Monday, March 24, 2008

Quick Takes: Credit Churn, Bear Stearns

The failure of auction rate securities is still causing angst for the closed end bond funds. The leveraged funds that issue auction rate preferred shares are in serious trouble.

BlackRock and others in this business are searching for strategic alternatives. Over $300 billion in securities are at risk, and BlackRock has 66 impacted bond funds with a value of $9.8 billion.

Despite proposals for re-financing and put features for these instruments, the probability of a resolution appears bleak. By the end of the auction rate failure crunch, there is an expectation that one or more of these fund families will flounder. Most likely the backing company will be sold for pennies on the dollar.

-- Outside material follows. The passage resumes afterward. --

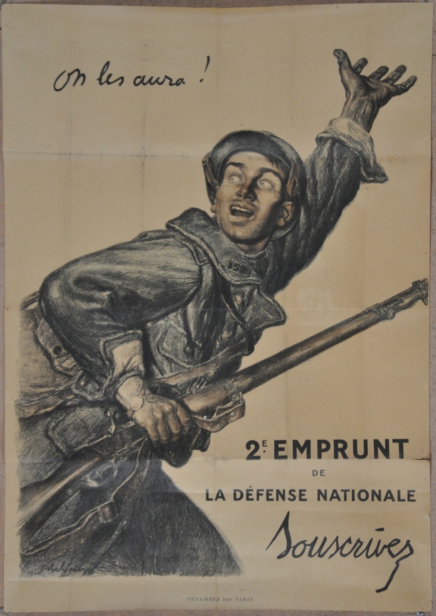 - "On les aura! 2e Emprunt de la Défense Nationale. Souscrivez" par Abel FAIVRE, Devambez impr. Paris. 114 x 80 cm.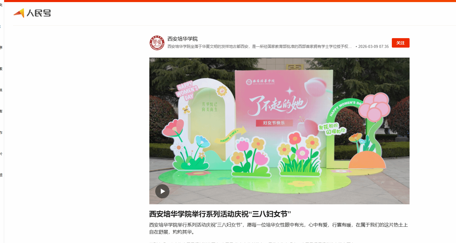 西安培华学院举行系列活动庆祝“三八妇女节”,愿每一位培华女性眼中有光,心中有爱,行囊有暖,在属于我们的这片热土上自在舒展,灼灼其华。

The news is not any better in the subprime sector, the delinquencies on the mortgages issued between 2005 and 2007 continue to rise according to Standard & Poors. The delinquency rate is rapidly approaching 40% for many of the notes issued in these years; the rate of delinquency is jumping 4 to 10% per month. Wall Street expected a delinquency rate of 15% worse case when it packaged the notes in CDOs; so much for financial modeling.

In other news, you don’t have to feel bad for all those executives at Bear Stearns; many of the top insiders sold large chunks of stock in December in advance of the implosion. It appears that these folks will not have to move out of their multi-million dollar mansions.

In related news that will cheer up Bear Stearns employees, JP Morgan raised its bid to purchase the bank to $10 from $2. The question being if Bear’s chairman James Cayne who is probably off-site at either a bridge tournament or the golf course has heard this news yet.